Русская критика от Карамзина до Белинского - страница 28
В. К. КЮХЕЛЬБЕКЕР
1797—1846
Лицейский товарищ Пушкина, образованнейший человек своей эпохи Вильгельм Карлович Кюхельбекер был педагогом (среди его учеников композитор Глинка), поэтом, драматургом, критиком. Видный декабрист, он 14 декабря 1825 года пытался на Сенатской площади застрелить брата царя. Десять лет провел после этого в одиночном заключении, а потом до конца жизни находился в ссылке в Сибири.
Лучшая статья Кюхельбекера о литературе, «О направлении нашей поэзии, особенно лирической, в последнее десятилетие», была опубликована в декабристском альманахе «Мнемозина», который он сам издавал совместно с писателем В. Ф. Одоевским (1824, ч. 2). Эта статья вызвала горячие споры. Впервые в русской критике Кюхельбекер резко отграничил декабристский гражданский романтизм от элегического романтизма Жуковского и Батюшкова. Кюхельбекер талантливо и зло высмеивал литературные трафареты элегических романтиков: «Луна, которая,— разумеется —уныла и бледна, скалы и дубравы, где их никогда не бывало... В особенности же — туман: туманы над бором, туманы над полями, туман в голове сочинителя». Кюхельбекер требовал от поэзии гражданственности и народности.
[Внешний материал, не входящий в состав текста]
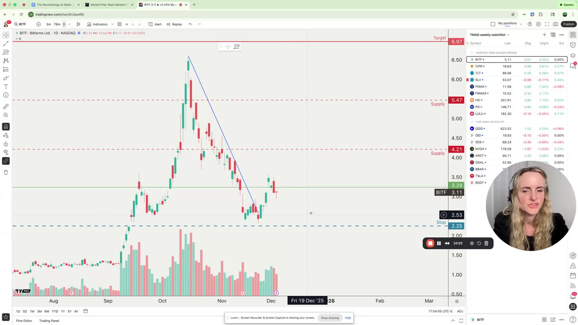 Familiarize yourself with chart indicators such as entry points (green) and supply levels (blue).
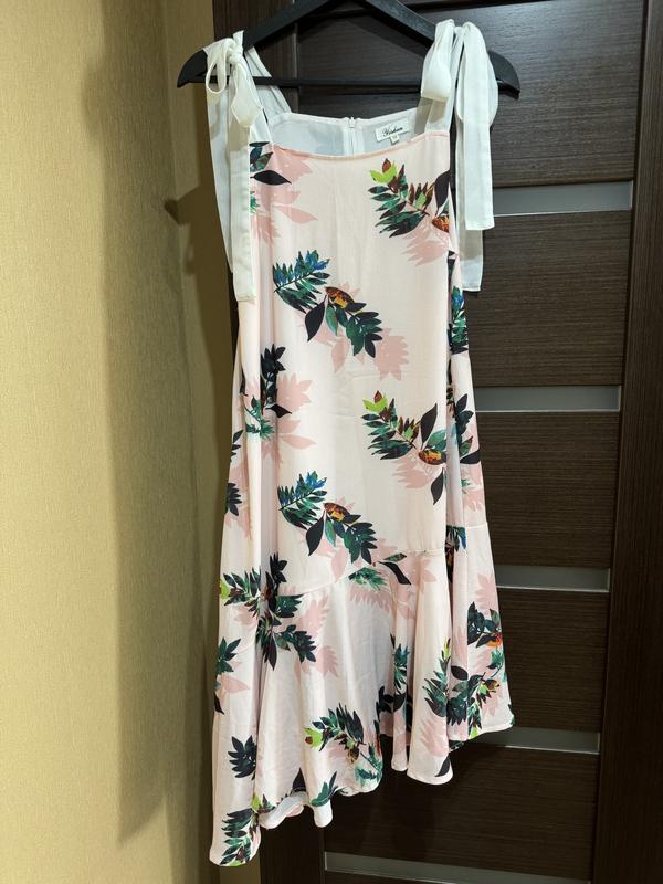 Женское летнее платье в цветочный принт свободного фасона, по плечам на завязках.Размер М, подойдет на S.

О направлении нашей поэзии, особенно лирической, в последнее десятилетие
Сила, свобода, вдохновение — необходимые три условия всякой поэзии. Лирическая поэзия вообще не иное что, как необыкновенное, то есть сильное, свободное, вдохновенное изложение чувств самого писателя. Из сего следует, что она тем превосходнее, чем более возвышается над событиями ежедневными, над низким языком черни, не знающей вдохновения. Всем требованиям, которые предполагает сие определение, вполне удовлетворяет одна ода, а посему без сомнения занимает первое место в лирической поэзии, или, лучше сказать, одна совершенно заслуживает название поэзии лирической. Прочие же роды стихотворческого изложения собственных чувств — или подчиняют оные повествованию, как то гимн, а еще более баллада, и, следовательно, переходят в поэзию эпическую; или же ничтожностию самого предмета налагают на гений оковы, гасят огонь его вдохновения. В последнем случае их отличает от прозы одно только стихосложение, ибо прелестью и благозвучием — достоинствами, которыми они по необходимости ограничиваются,— наравне с ними может обладать и красноречие. Ода, увлекаясь предметами высокими, передавая векам подвиги героев и славу Отечества, воспаряя к престолу неизреченного и пророчествуя пред благоговеющим народом, парит, гремит, блещет, порабощает слух и душу читателя. Сверх того, в оде поэт бескорыстен: он не ничтожным событиям собственной жизни радуется, не об них сетует; он вещает правду и суд промысла, торжествует о величии родимого края, мещет перуны в супостатов[13], блажит праведника, клянет изверга.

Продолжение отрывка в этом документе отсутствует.